Next is the Encode page were you configure your Compression, Resolution, Frame Rate, Bit Rate, Audio and sub stream per COMPATIBLE camera.

Tribrid DVR Menu2

Next in line is the Cam Name. Here is where you name your camera channels. It is a brilliant idea adding a name to a channel/camera, you automatically know who, when and where the even occurred. Example front door, back door, bedroom or backyard on February 3 2014 at 7:30pm.

Tribrid DVR Menu 3

Now the very important part, the Channel Type page. Here is where it can get a little tricky. The Tribrid’s BNC inputs are defaulted using HDCVI cameras. The adjustment is simple just switch the channel you have the analog camera connected and enable the analog field.

Tribrid DVR Menu4

Tribrid DVR Menu5

When connecting and configuring an IP camera you have to start from the last channel of the Tribrid. For example if you have a 16 channel Tribrid DVR then you would start adding cameras from channel 16 and down, so the first IP camera you connect and configure will be channel 16. You would copy the same configuration as the HDCVI described previously and still be in the channel type page and then towards the bottom of the page there is an arrow selecting next page. Go to page 2 and select IP on channel 16 for your first IP camera, 15 would be the 2nd IP camera and so on. Remember if you have any question or concerns you can always contact TechPro Security Support Monday through Friday from 9am to 6pm Eastern Sunny Florida time.

Tribrid DVR Hardware.

The motherboard is strong and smart and you can install up to eight 7200 RPM SV-35 3TB Hard Drives capturing proper resolution and long length recording with no hassle. On the back of the unit you have HDMI, BNC, VGA, Audio, RJ-45, Alarm, PTZ control, USB and e-sata inputs as well as other outputs.

Tribrid DVR Inside Hardware

                

DVR Tribrid System Connection

Tribrid DVR Remote view configuration.

Network configuration is the same as all of our Security Camera King recording units. TCP/IP must match your network, the TCP port should be defaulted at 37777 and the HTTP port should be changed to 88 (the TCP and HTTP ports has to be forwarded in the router to have external access).

Tribrid DVR Menu6

             

Tribrid DVR Menu7

Email alerts can be configured here under the same network sub-menu, utilizing motion or alarm detection to send push emails to your mobile device alerting you who or what has infiltrated your space.

Tribrid DVR Menu8

Tribrid DVR Motion detect recording or 24/7 recording.

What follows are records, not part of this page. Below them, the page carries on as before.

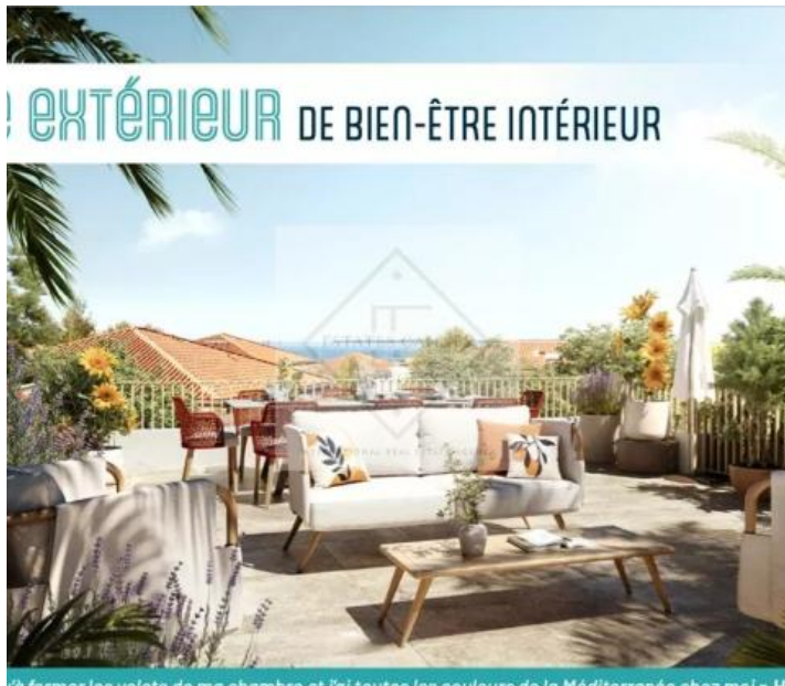
Qu'il ferme les volets de ma chambre et j'ai toutes les couleurs de la Méditerranée chez moi.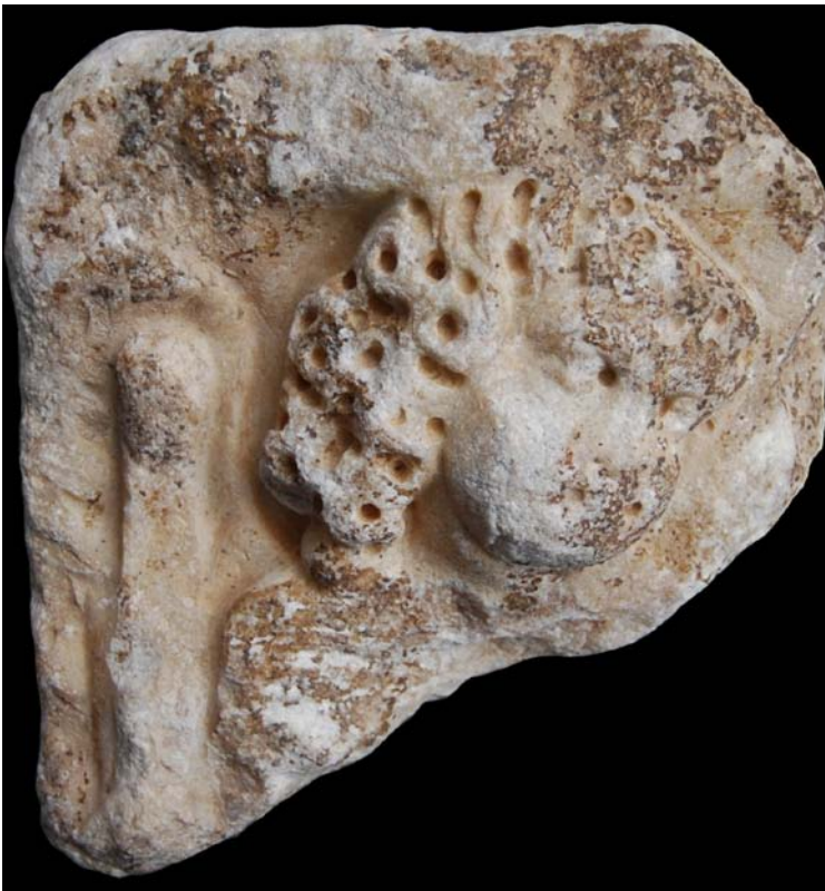
Fragment d'un sarcòfag de marbre localitzat a l'entorn de l'església dels Sants Just i Pastor a les excavacions arqueològiques de finals dels anys 90: últim terç del segle III i segle IV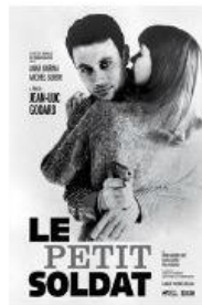
Le petit soldat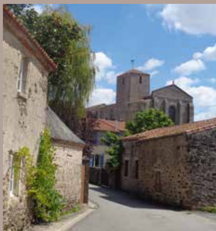
L'église vue de la rue de Virecourt.

La Chaize-le-Vicomte possède un riche patrimoine : son église du XI ème siècle, son musée ornithologique et son bourg de caractère. Profitez des visites organisées au cours de ces deux journées pour découvrir ou redécouvrir ce patrimoine.

The setup is the same as all of our other recording units, go to storage and configure the Schedule, HDD Management, advance and record as you would like normal. If you need more assistant on the setup please feel free to contact a SecurityCameraKing.com Technician.

Tribrid DVR Menu9

Tribrid DVR Menu10

Tribrid DVR Menu11

Tribrid DVR Menu12

Coming soon – New P2P 2D bar code App scanner

When trying to connect to your security camera system it is difficult and it involves configuring sophisticated network settings so you can view your family and business via your Phone, Tablet or any computer in the world that has Internet access. This new and upcoming feature will make life much easy when configuring remote external access. REMEMBER Coming Soon!

Tribrid DVR Menu13

Tribrid DVR System Settings

The general page is where you need to configure your Device ID and number, language, Video Standard, HDD Full option, Pack duration, Real Time Play, Auto logout and mouse speed. You want to make sure you adjust your date and time to your timezone because if you need time and date stamp file for evidence it needs to be correct.

Tribrid DVR Menu14

The PTZ page is very important when installing an analog, CVI or IP PTZ, the configuration just needs to match the PTZ camera.

Tribrid DVR Menu15

The account page is where you give privileges to users. Assigning accounts are easy with the new interface, make sure not to delete your technician’s administrative password because when you need support, the fastest way in to fix the issue is logging in as an administrator (so don’t forget the admin password).

Tribrid DVR Menu15

In conclusion in my experience, this unit blows away any other upgrade. WHY? Because you get the best of three worlds. You can upgrade your whole system and have indoor/outdoor HDCVI cameras and Smart Auto Tracker IP cameras in your warehouse or retail store while still keeping your existing analog cameras you don’t want to discard. One small step for analog, a giant leap for HDCVI and IP technology.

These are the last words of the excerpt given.